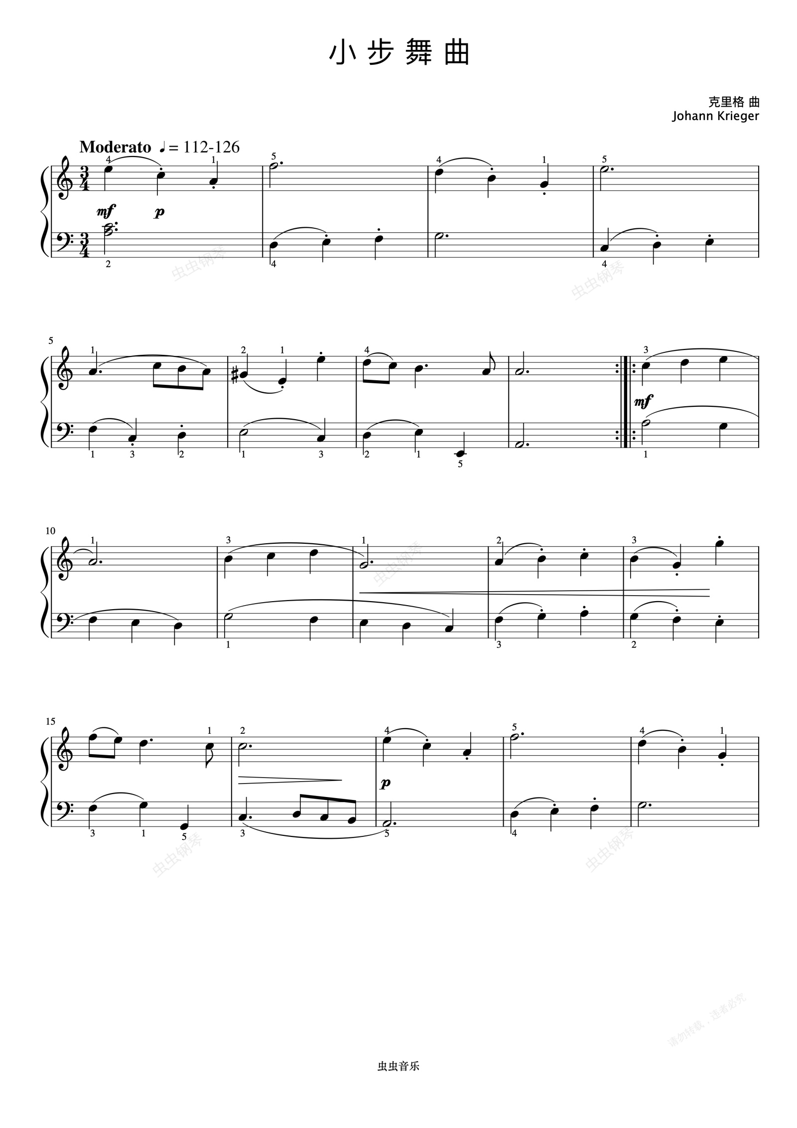 钢琴谱:1级 小步舞曲《上音钢琴考级曲目》
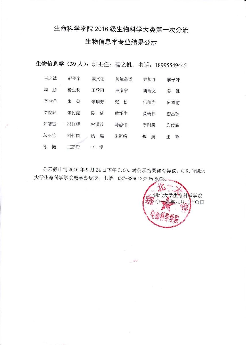 英国365上市集团2016级生物科学大类第一次分流生物信息学专业结果公示
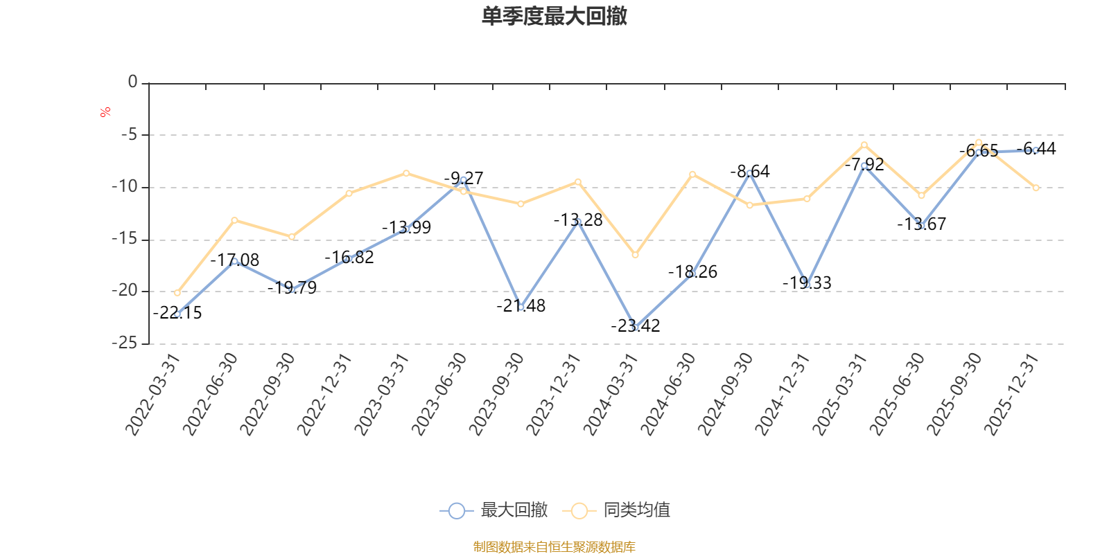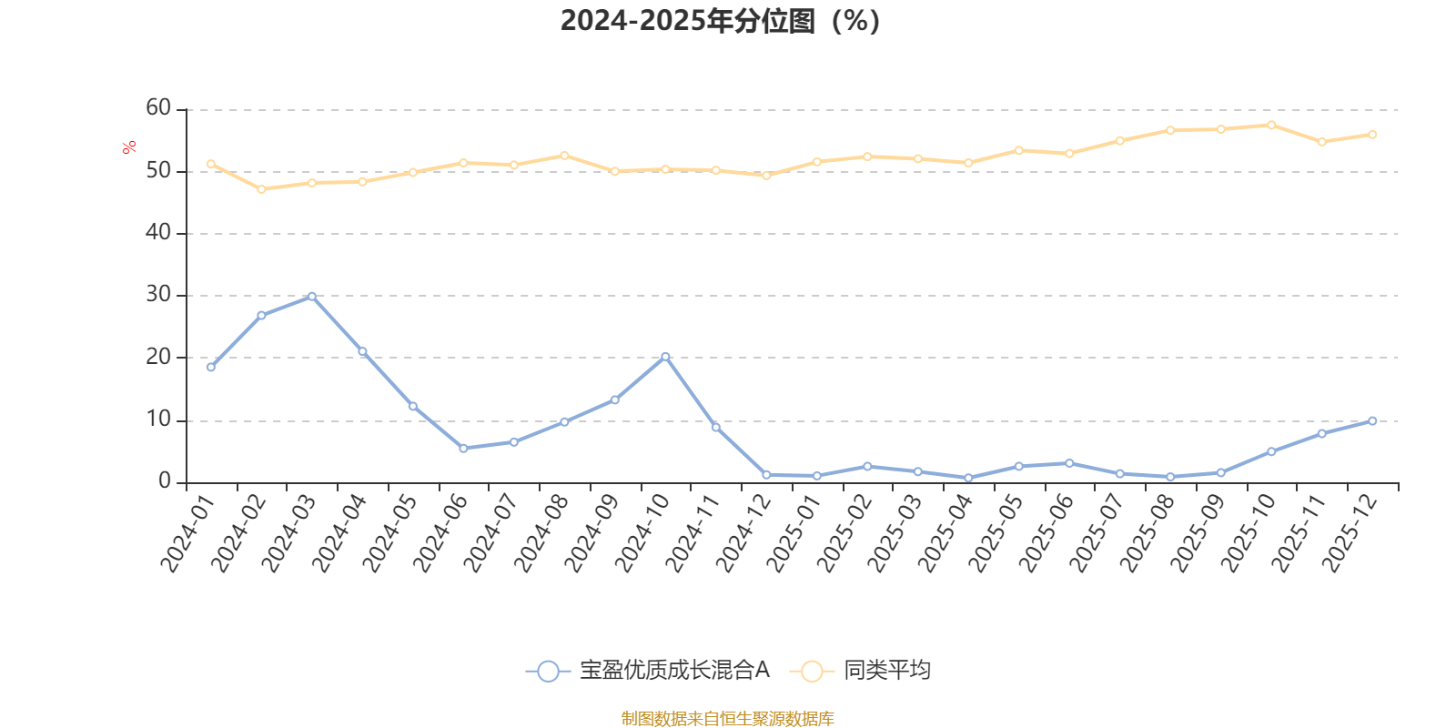 通过所选区间该基金净值增长率分位图,可以观察该基金与同类基金业绩比较情况。图为坐标原点到区间内某时点的净值增长率在同类基金中的分位数。

### Work request
Once the pictures have been removed, reproduce each line of the material above exactly.

### Solved exercise
 钢琴谱:1级 小步舞曲《上音钢琴考级曲目》
 英国365上市集团2016级生物科学大类第一次分流生物信息学专业结果公示
 通过所选区间该基金净值增长率分位图,可以观察该基金与同类基金业绩比较情况。图为坐标原点到区间内某时点的净值增长率在同类基金中的分位数。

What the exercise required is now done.